(TASK DIRECTIONS): Write exactly the lines running from the start of the material below to the line that includes "High Yield (approx.): TN223BK", and include no pictures.

(DATASET RECORDS):
━━━━━━━━

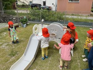 白馬園のお庭に新しい遊具が来ました✨
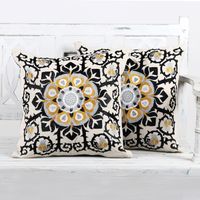 Embroidered Cotton Ecru Cushion Covers from India Pair 'Jaipur Blossom' Item ID: 2669924189
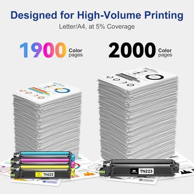 High Yield (approx.): TN223BK black toner prints 2000 pages, TN223 C/M/Y each colour toner prints 1900 pages, coverage rate of 5% (letter/A4)
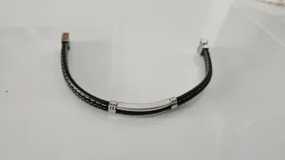 Pulsera de cordón de cuero negro y detalles en acero cromado. Cierre seguro de imán. Nunca se ha usado.
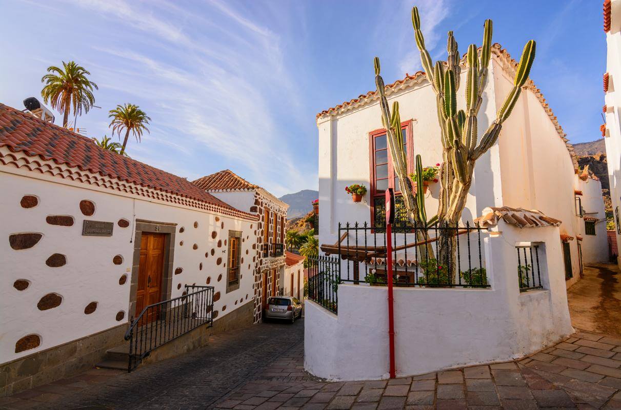 El recorrido arranca en el casco histórico: calles empedradas y casas blancas con detalles de piedra dibujan una estampa de postal. El núcleo lo ocupa la iglesia de Santa Lucía, del siglo XVIII, ejemplo sobresaliente de arquitectura canaria con su fachada de sillería labrada.
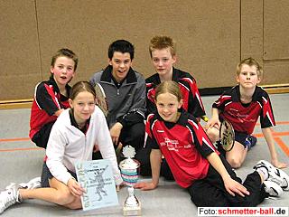 Am 06.03.2005 wurde in Leverkusen zum zweiten Mal der Alexander-Hecker-Bezirkspokal ausgespielt. Teilnahmeberechtigt waren die Sieger der Schüler- und Jugendnormalklassen. Da die Mädchen unserer Jugend II für dieses Wochenende bereits anderweitig gebucht waren, musste die Jugendmannschaft schweren Herzens auf ihren Einsatz verzichten. Recht optimistisch ging dagegen Martins Schülermannschaft an den Start, denn die Ausschreibung dieses Mannschaftsturniers mit nur 5 Paarungen (JE, ME, JD, MD, MX) kam unserem Team mit den starken Mädchen (Hannah Pohl, Kristin Schönherr) sehr entgegen. In der Vorrunde besiegte man in den Gruppenspielen zunächst Kreuzau mit 4:1, danach Lützenkirchen mit dem gleichen Ergebnis. Im Endspiel traf Oberpleis auf das Team von Refrath, das sich in der anderen Gruppe durchgesetzt hatte. Auch in diesem Spiel siegte unsere Schülermannschaft mit 4:1, wobei Philip Otzipka sein | ||||||||||||||||||||||||||||||||||||||||||||||||||||||||||||||||||||

━━━━━━━━

(RESPONSE TO THIS TASK):
 白馬園のお庭に新しい遊具が来ました✨
 Embroidered Cotton Ecru Cushion Covers from India Pair 'Jaipur Blossom' Item ID: 2669924189
 High Yield (approx.): TN223BK black toner prints 2000 pages, TN223 C/M/Y each colour toner prints 1900 pages, coverage rate of 5% (letter/A4)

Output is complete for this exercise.